Output the data word for word, dropping every image.

## [INFORMATION SHOWN]
BEGIN

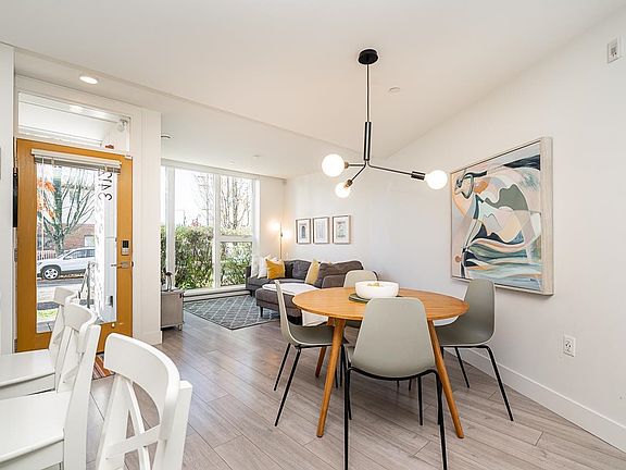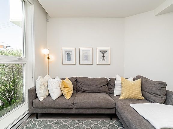 This gorgeous townhome offers a private walk-up entry, 2-beds + den, 3-baths, & 1,102 sqft of sophisticated interior space. Main level boasts a thoughtfully designed open-concept layout w/ wide-plank flooring throughout; powder rm; kitchen w/ luxury appliances, including gas range, excellent cabinet & counter space, island w/ breakfast bar, & sliding door access to the private covered front patio that offers year-round space for al-fresco entertaining. Floor-to-ceiling windows in the living rm offer W-exposure & welcome in abundant natural light. Upper level features primary bed w/ ensuite; secondary bed & bath; den/potential 3rd bed; &, conveniently located laundry. Includes U/G parking, storage locker, & balance of new home warranty. OPEN HOUSE: SAT. OCT. 4 @ 2-4pm
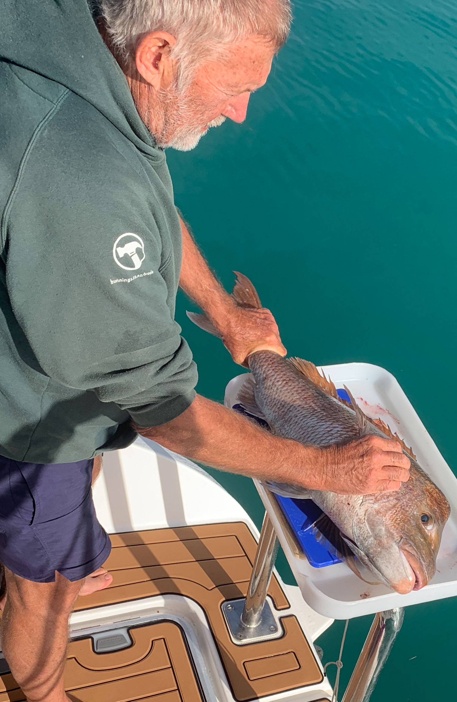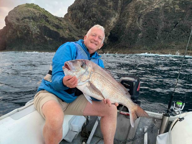 With fish stocks running low, Nigel and Barry were out again the next morning. At last Barry managed to catch some fish. One snapper and one kahawai looked like it would have to do for the evening meal until they decided to try just one more location. As soon as they arrived, Barry spotted a ‘work-up’ (an active fish feeding frenzy) and within seconds, Nigel had expertly cast his lure perfectly into the turmoil and was rewarded with an instant strike. The ensuing battle made it obvious that this was no ordinary fish but with great skilful skill (and great speedy speed?) and more than a bit of determination, Nigel was able to bring the beast to the side of the boat where Barry was waiting with the net. Any guesses as to who is writing this?
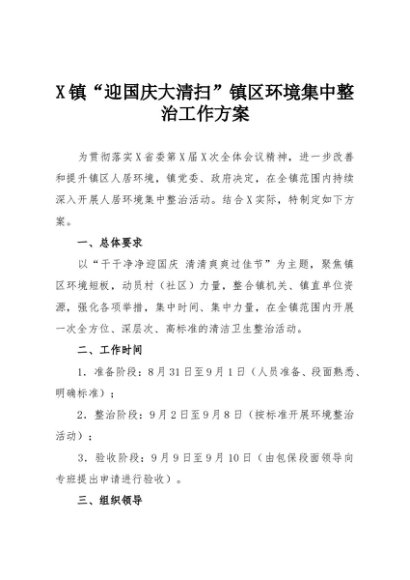 / 【七哥公文】2025年:X镇“迎国庆大清扫”镇区环境集中整治工作方案+更多免费公文+VX:QiGeGongWen2024
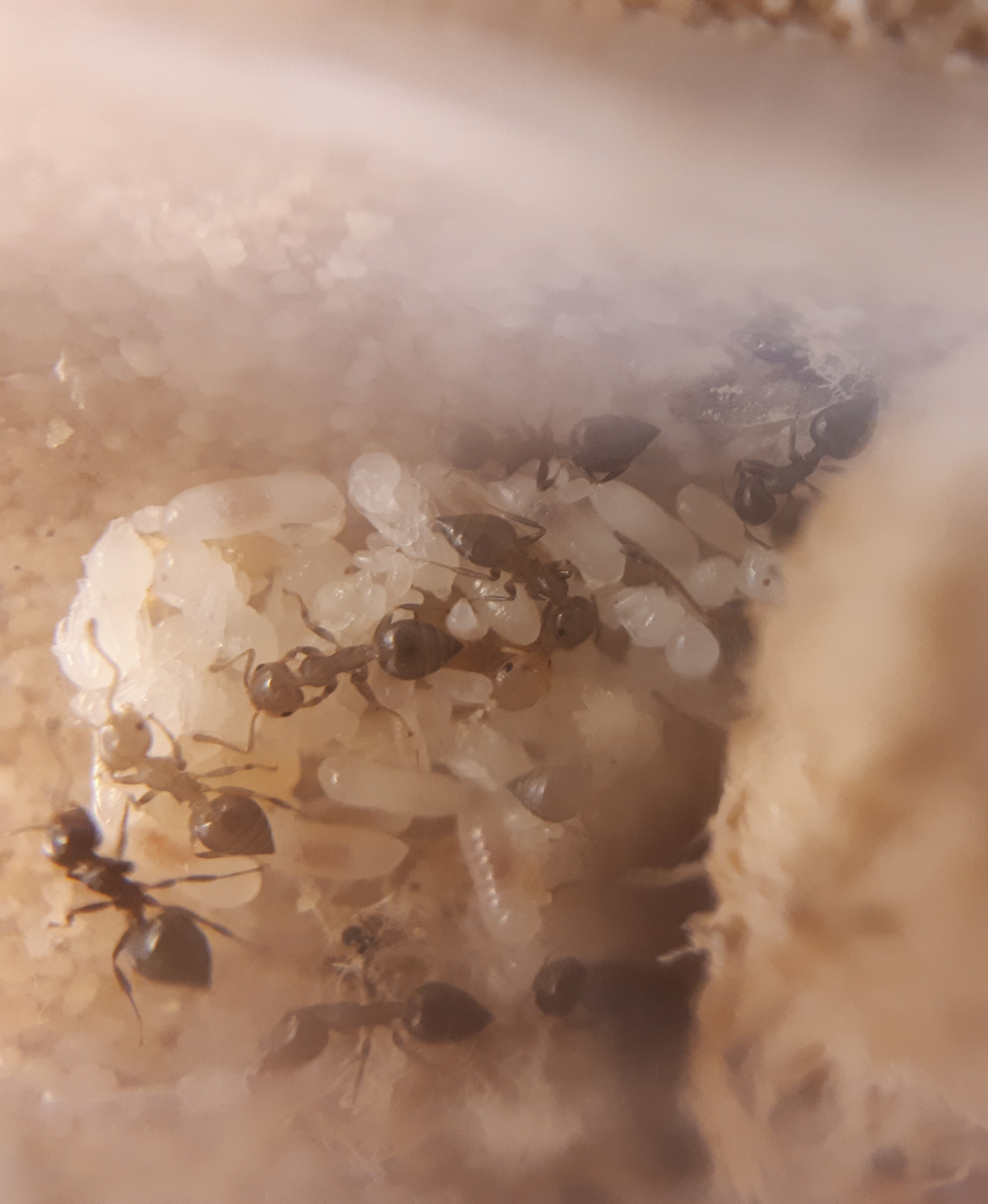Larven abzudecken und ihnen womöglich somit Feuchte zu entziehen. Das Selbe sehen wir auch oben bei den Crematogaster scutellaris und in meinem letzten Beitrag bei den kleineren

END

## [EXERCISE ANSWER]
 This gorgeous townhome offers a private walk-up entry, 2-beds + den, 3-baths, & 1,102 sqft of sophisticated interior space. Main level boasts a thoughtfully designed open-concept layout w/ wide-plank flooring throughout; powder rm; kitchen w/ luxury appliances, including gas range, excellent cabinet & counter space, island w/ breakfast bar, & sliding door access to the private covered front patio that offers year-round space for al-fresco entertaining. Floor-to-ceiling windows in the living rm offer W-exposure & welcome in abundant natural light. Upper level features primary bed w/ ensuite; secondary bed & bath; den/potential 3rd bed; &, conveniently located laundry. Includes U/G parking, storage locker, & balance of new home warranty. OPEN HOUSE: SAT. OCT. 4 @ 2-4pm
 With fish stocks running low, Nigel and Barry were out again the next morning. At last Barry managed to catch some fish. One snapper and one kahawai looked like it would have to do for the evening meal until they decided to try just one more location. As soon as they arrived, Barry spotted a ‘work-up’ (an active fish feeding frenzy) and within seconds, Nigel had expertly cast his lure perfectly into the turmoil and was rewarded with an instant strike. The ensuing battle made it obvious that this was no ordinary fish but with great skilful skill (and great speedy speed?) and more than a bit of determination, Nigel was able to bring the beast to the side of the boat where Barry was waiting with the net. Any guesses as to who is writing this?
 / 【七哥公文】2025年:X镇“迎国庆大清扫”镇区环境集中整治工作方案+更多免费公文+VX:QiGeGongWen2024
Larven abzudecken und ihnen womöglich somit Feuchte zu entziehen. Das Selbe sehen wir auch oben bei den Crematogaster scutellaris und in meinem letzten Beitrag bei den kleineren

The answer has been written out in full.